Samstag, 30. Mai 2020

General Motors prüft Verkauf - mal wieder Opels unendliches Drama mit GM

Opel-Chef Neumann, GM-Chefin Barra: Wechselvolle Geschichte

5. Teil: 2010: Ringen um Staatshilfe und Imagekorrektur

Ringen um Staatshilfe und Imagekorrektur

8. Januar 2010: Opel-Chef Hans Demant muss seinen Posten an der Spitze des Autobauers räumen.

15. Januar: Reilly übernimmt offiziell das Steuer bei Opel.

21. Januar: Das Opel-Werk in Antwerpen mit seinen 2400 Mitarbeitern wird noch 2010 geschlossen.

22. Januar: Der Opel-Betriebsrat ruft die europäischen Mitarbeiter zu Protesten gegen die angekündigte Werksschließung auf.

09. Februar: Opel-Konzernchef Reilly stellt den Sanierungsplan vor. Danach sollen in Europa 8300 Stellen wegfallen. Allein in Deutschland werden demnach 3911 Jobs gestrichen.

2. März 2010: Nach anhaltender Kritik verdreifacht GM seinen Beitrag zur Opel-Sanierung auf 1,9 Milliarden Euro. Gleichzeitig verlangt der Autobauer nun weniger Hilfe von den Regierungen.

21. Mai: Das Opel-Management einigt sich mit den Beschäftigten auf einen Beitrag der Mitarbeiter zum Sanierungsplan.

25. Mai: Als erstes Bundesland sagt Thüringen Bürgschaften für Opel zu und appelliert an die Bundesregierung, nicht zurückzustehen.
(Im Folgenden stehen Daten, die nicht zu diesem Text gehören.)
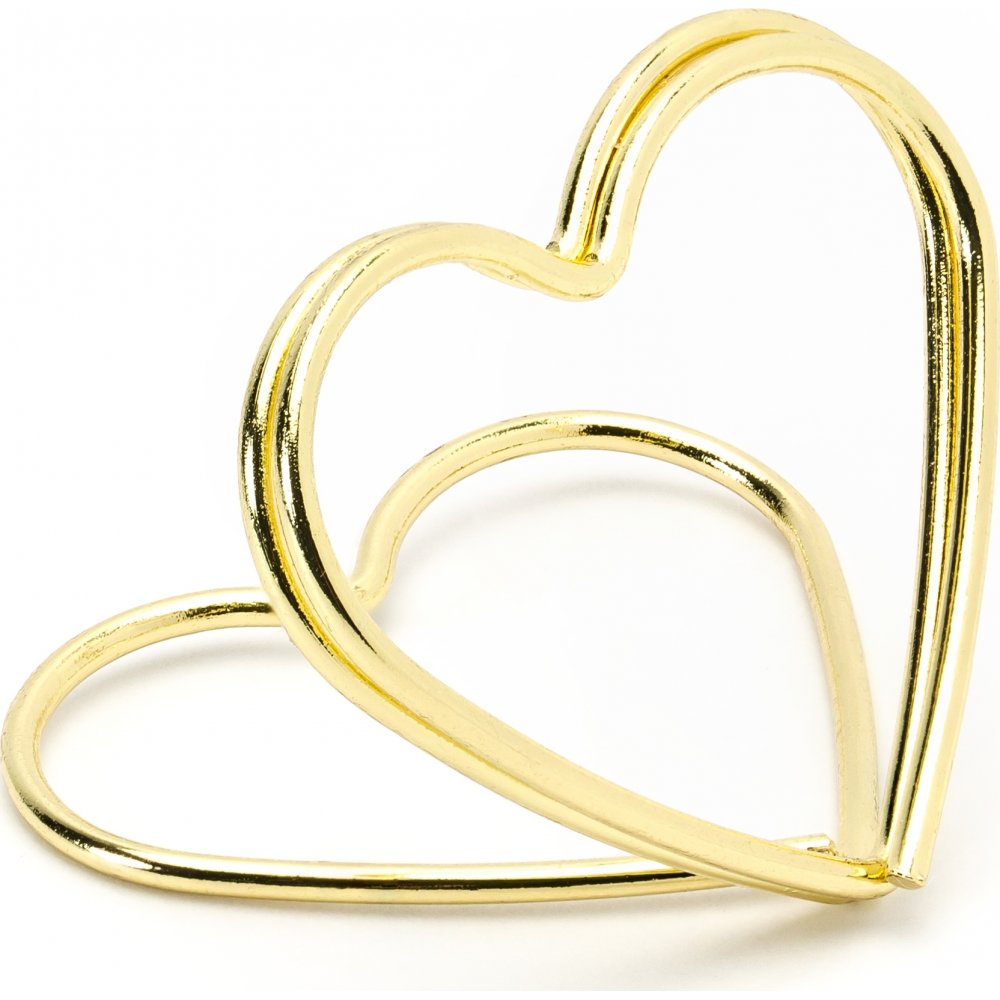 10-pakning med gullfargede kortholdere formet som små hjerter.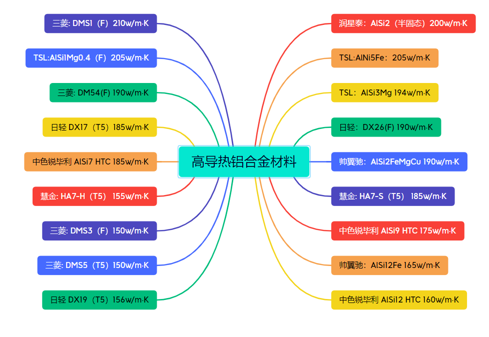 圖3 導(dǎo)熱壓鑄鋁合金代表零件 導(dǎo)熱領(lǐng)域適用鋁合金材料見表4,和ADC12合金相比,為了保證熱導(dǎo)率,要去除雜質(zhì)合金元素,特別是對熱導(dǎo)率影響比較大的元素,如Ti、Mn、Zr、Mg等,各元素對熱導(dǎo)率的影響見圖4。另外,T5熱處理(200~350℃)可以消除壓鑄過程中產(chǎn)生的內(nèi)應(yīng)力,提高材料的熱導(dǎo)率(見圖5)。圖6為高導(dǎo)熱壓鑄鋁合金材料統(tǒng)計??梢钥闯?,合金元素含量越低,熱導(dǎo)率越高,為了獲得200W/(m·K)左右的熱導(dǎo)率,Si的含量通常在2%左右,或者使用Ni元素作為主要合金元素,或者用半固態(tài)工藝。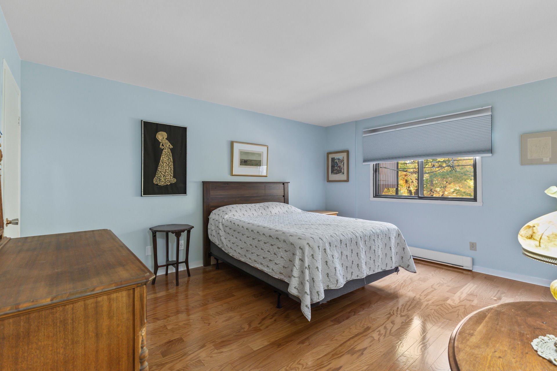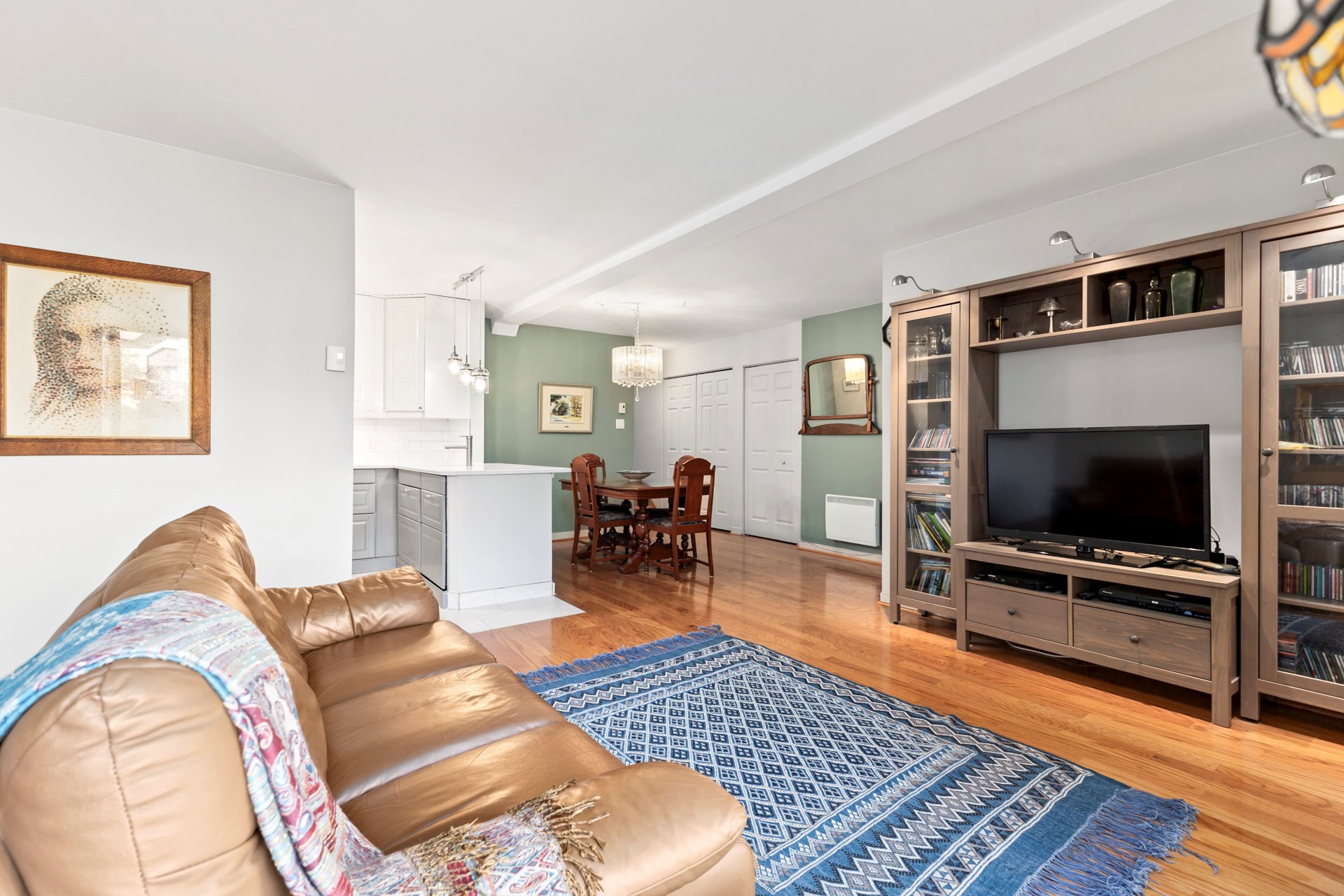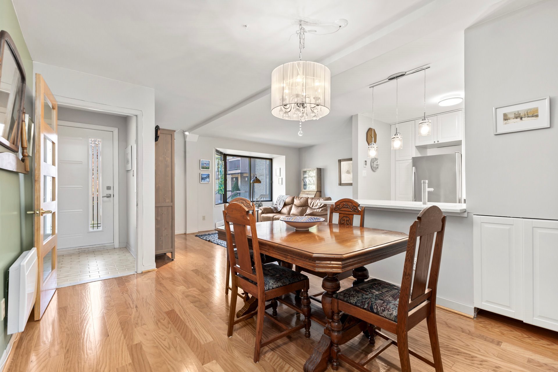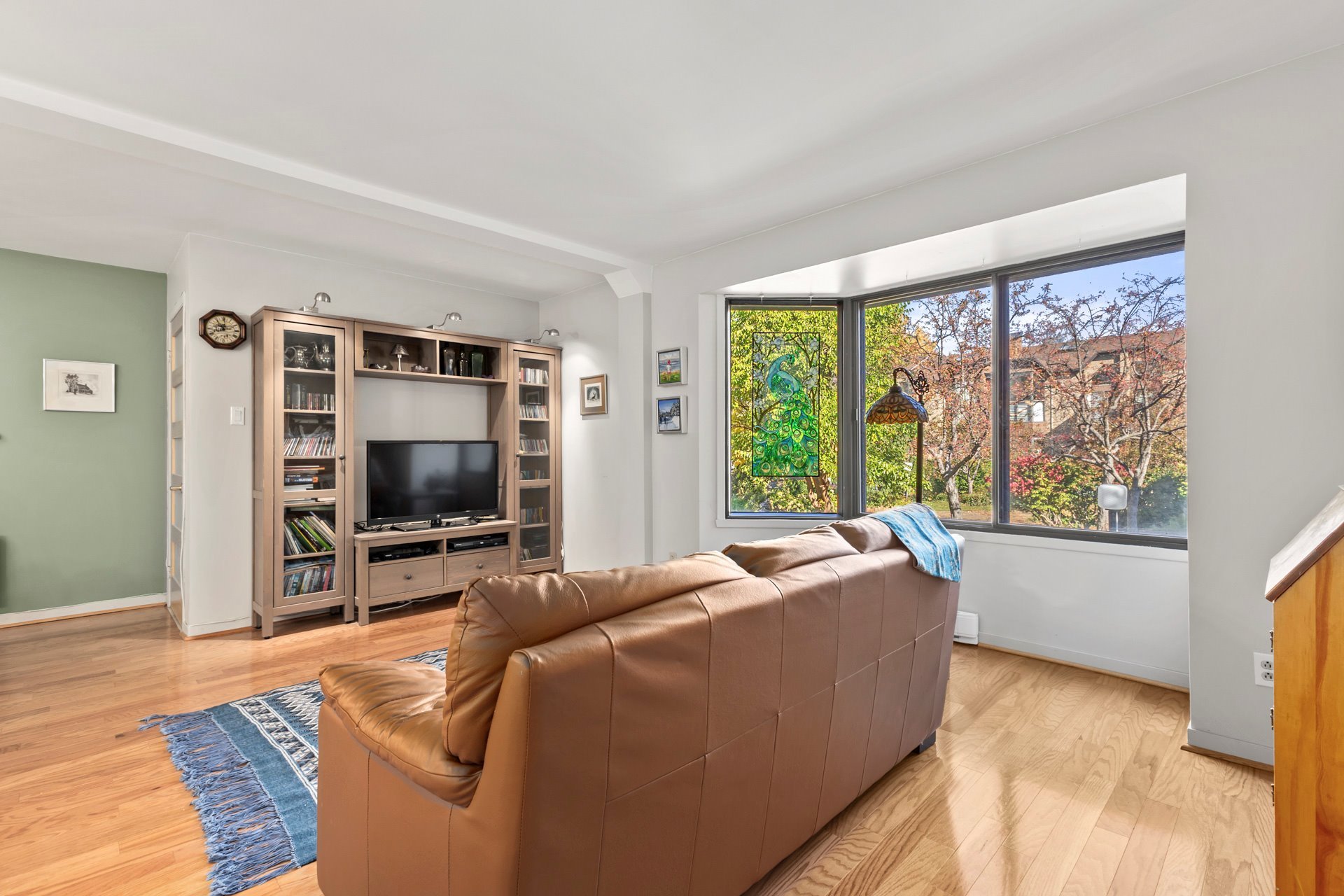 Exclusions : Stained glass in the living room window, mirrors in the hallways, light fixtures in the dining room and bedroom, and a wooden wall-mounted coat rack at the entrance
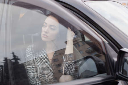 portrait of an attractive brunette in gray checkered dress in a black car. girl in automobile. business woman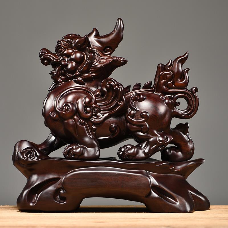 黑檀木雕貔貅摆件皮丘办公室桌貔貅装饰开张店铺开业实木工艺礼品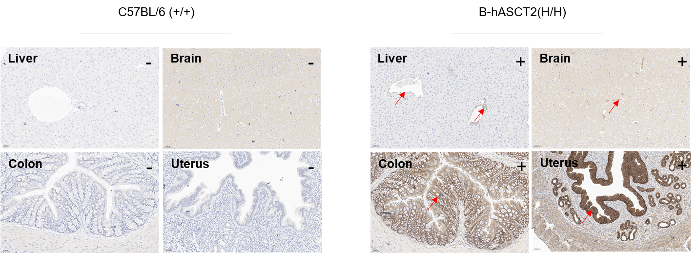 Immunohistochemical analysis of ASCT2 protein expression in B-hASCT2 mice. Tissues were collected from wild-type C57BL/6 mice (+/+) and homozygous B-hASCT2 mice (2 females, 20-weeks-old) for IHC analysis. Tissues were stained with an anti-human ASCT2 antibody (abcam, ab237704). The results demonstrated that human ASCT2 were expressed in the liver, brain, colon, and uterus from B-hASCT2 mice. The plus sign (+) denotes positive staining, while the minus sign (-) denotes negative staining. Positive signals are indicated by arrows in the figure.
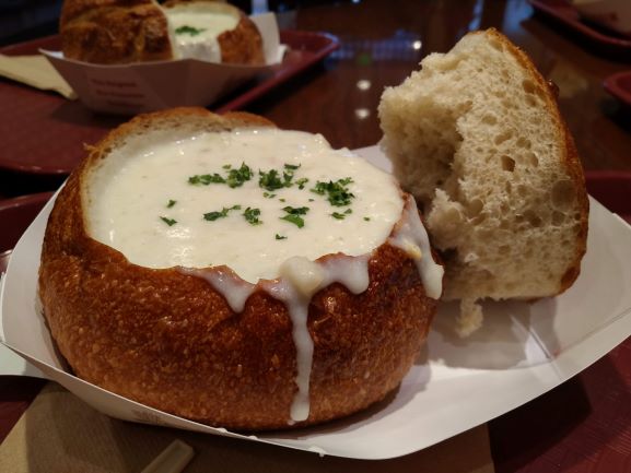 飯レビューその3:初めて食べるクラムチャウダーは絶品.酸っぱいパンがまたいいのです.

Bundeswirtschaftsminister Rainer Brüderle (FDP) bleibt skeptisch.

9. Juni: Brüderle lehnt den Antrag auf eine Milliardenbürgschaft des Bundes ab.

10. Juni: Bundeskanzlerin Angela Merkel (CDU) berät mit den Regierungschefs der vier Bundesländer mit Opel-Standorten über andere Lösungen. Die Länder sollen nun Bürgschaftsanträge prüfen.

15. Juni: Die Opel-Länder sagen zwar eine zügige Bearbeitung möglicher Anträge zu, können sich aber nicht auf eine Aufteilung der Kosten einigen.

16. Juni 2010: Opel und GM ziehen einen Schlussstrich. Auf Staatshilfen soll nun verzichtet und der Autobauer aus eigener Kraft saniert werden.

23. Juni: Opel-Chef Reilly erklärt, dass er bereits im Jahr 2011 die Gewinnschwelle erreichen will - vor Restrukturierungskosten allerdings. Zudem will er das Image der Marke aufpolieren.

06. August: Opel verspricht eine lebenslange Garantie für seine Neuwagen - ein Schritt, der für Aufsehen und eine Abmahnung der Wettbewerbszentrale sorgt.

17. November:GM kehrt an die Börse zurück - und schreibt dank seiner Blitz-Insolvenz bald Milliardengewinne. Wegen der Restrukturierung bleibt die Europa-Tochter Opel aber weiter defizitär. Opel-Chef Reilly rechnet mit 1,4 Milliarden Euro Verlusten für 2010. Der Druck auf Opel im GM-Verbund steigt.